第5章 研究所: 5-2 夢の中心

夢に関する調査を本格的に進めるにあたって、依然として核心に迫る情報を手にできてはいない。事件の捜査を通じて「夢」という要素が何度か姿を現してはいたが、その正体は曖昧なまま。夢現象が示す意味や根本的な原因は依然として霧に包まれており、まだほとんど解明できていなかった。


久保田探偵事務所での作戦会議が一段落し、夜も更けてきた頃、神崎と彩音は静まり返った事務所内でそれぞれの机に戻っていた。壁にかかった時計の針が音を立てて進む中、ふたりは互いに声をかけることもなく、思索に耽っていた。剛志が残した「夢を見せている“誰か”がいる」という言葉が、単なる比喩ではなく、何か具体的な存在を指しているのではないかという予感が、彼らの思考から離れなかった。


「今、我々が頼れる情報源というと……」と神崎が静かに呟いた。


「以前、私たちが使ったあの掲示板くらいでしょうか」と彩音は一瞬記憶をたぐるように沈黙した後、静かに口を開いた。


神崎は軽く頷いてからタブレットを手に取り、その画面を見つめながら、「“蛇の夢”を見ている人が、今もどこかにいるかもしれない」と静かに言葉を漏らした。


実際、剛志自身も事件の終息後もなお、断続的にその夢を見ていた。その内容は以前と同様に鮮明で、彼の精神状態や体調に特段の変化がないにもかかわらず、夢は周期的に訪れていた。このことは、現象が単なる記憶の反芻やストレスの産物ではなく、今なお外部から何らかの干渉を受けて継続的に発生している可能性を強く示唆していた。


二人はタブレットを使って掲示板にアクセスし、最新の投稿内容を一つひとつ丁寧に読み込んだ。以前に見たときと比べて、スレッドの更新頻度は明らかに上がっており、話題となっている“蛇の夢”に関する書き込みが各所で活発に交わされていた。夢の内容を考察するユーザーもいれば、他人の体験談に共鳴する形でコメントを残す者もいた。
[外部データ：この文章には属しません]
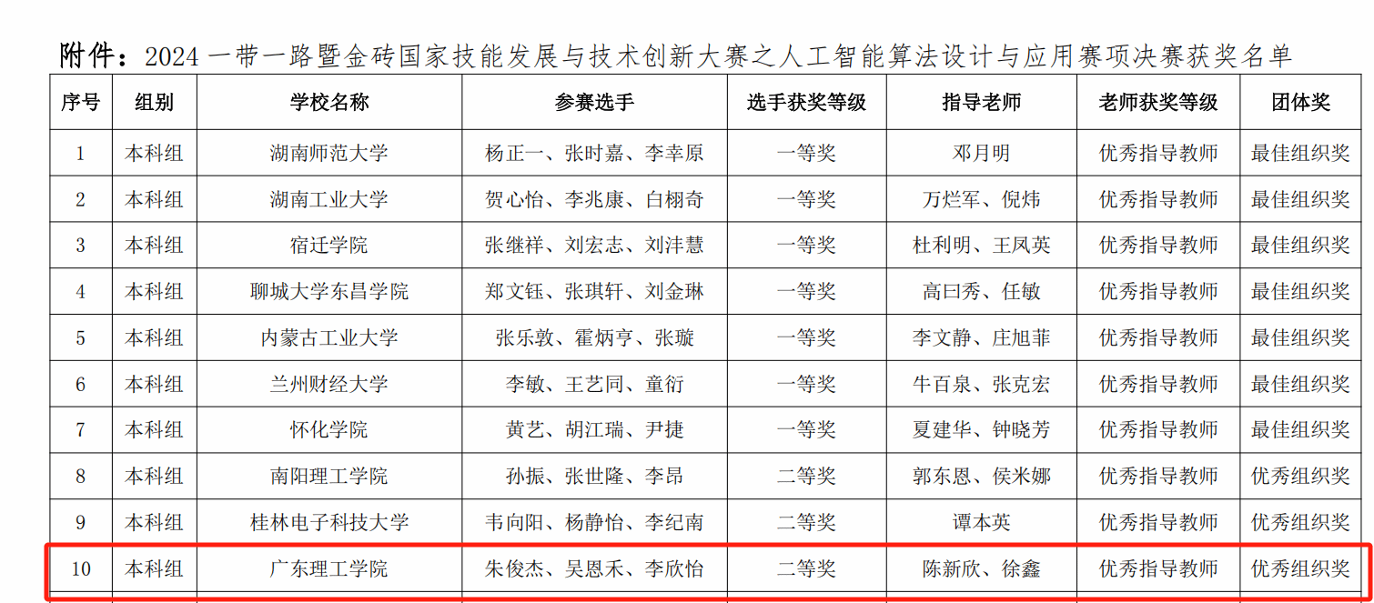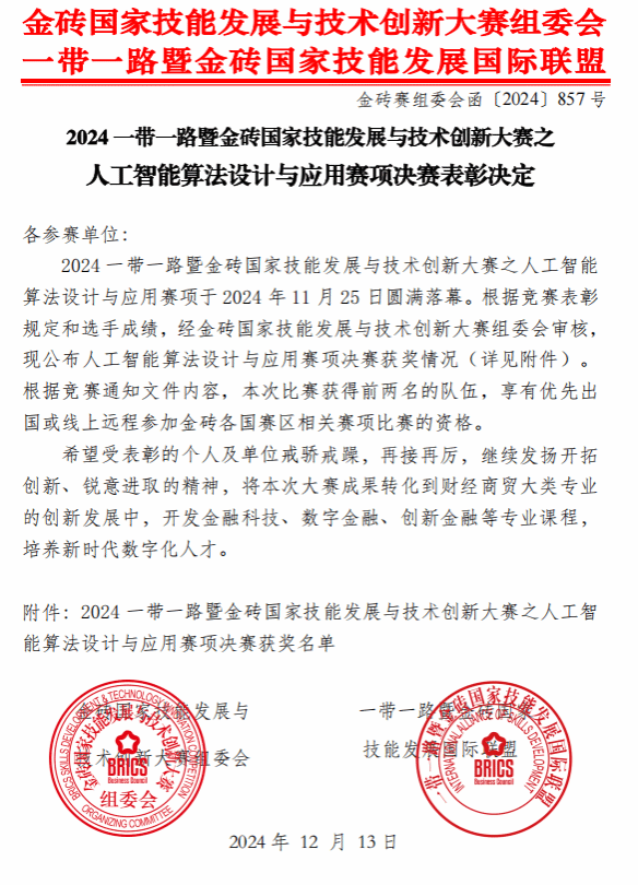 本网讯(太阳网集团tcy8722融媒体中心 舒佳宇)近日,太阳集团tcy8722人工智能产业学院接获文件通知后,迅速行动,积极筹备并精心组织1个项目参与2024年第八届一带一路暨金砖国家技能发展与技术创新大赛人工智能算法设计与应用赛道。该项目团队由太阳网集团tcy8722副院长陈新欣与科大讯飞人工智能产业学院老师徐鑫指导,朱俊杰、吴恩禾、李欣怡三位同学组队参赛。在学校和企业导师的协同指导下,项目斩获国家二等奖,项目指导老师荣获优秀指导老师称号,学校荣获优秀组织奖。

「やっぱり広がってる……」と彩音が呟き、神崎が無言で頷く。


二人は新たな書き込みを行い、「夢について話を聞かせてくれる人」を募集した。謝礼を明記したことで反応は早く、数時間のうちに10名ほどから連絡があった。


調査の分担を決めた後、彩音と神崎は対象者たちへのインタビューを開始した。剛志も同行を申し出たが、「探偵としての領分」と説得され、代わりに謝礼の手配を担当することになった。


ヒアリングは、夢の内容、夢を見始めた時期、頻度、周囲に同様の体験者がいるかなど、項目を多角的に設けて行われた。


調査の結果は、神崎のタブレットに地図として整理された。


「これを見て」と神崎は彩音に画面を見せた。地図には赤、橙、黄色のマーカーが都市全体に点在しており、夢を見始めたタイミングに応じたグラデーションが形成されていた。その中には剛志や翔太の情報も存在している。


「夢を見始めたのが早い人を赤、遅い人を黄色にしてプロットした。見る限り……」


「中心から波紋のように広がってる」と彩音が指摘した。


「そう。この一点を中心に伝播しているように思えるんだ。まるで伝染病だ」


「中心は……どこ?」


神崎は画面を拡大し、マーカーが最も密集している地点を指し示した。


「ここ。地図上では山間部になってる。特に何かがあるわけでもない」


「衛星写真は?」


「木しか映っていない。あとは送電用か何かの鉄塔が立っているな。ただちょっとした不自然さがあるようにも見える」


彩音は疑念を口にした。「衛星画像が加工されてるってことですか?そんなこと、簡単にはできないはず……」


「その通り。でも、だからこそ気になる。行って確認するしかない」


そういうと神崎は煙草を吸いにベランダに出ていった。


彩音は画面中央の灰色がかった山の風景を見つめながら、静かに頷いた。


都市の構造に組み込まれることなく、そこだけがぽっかりと地図の中で浮いているかのような違和感。


それは、外界から切り離されたように、ただ“そこにある”という事実だけを主張していた。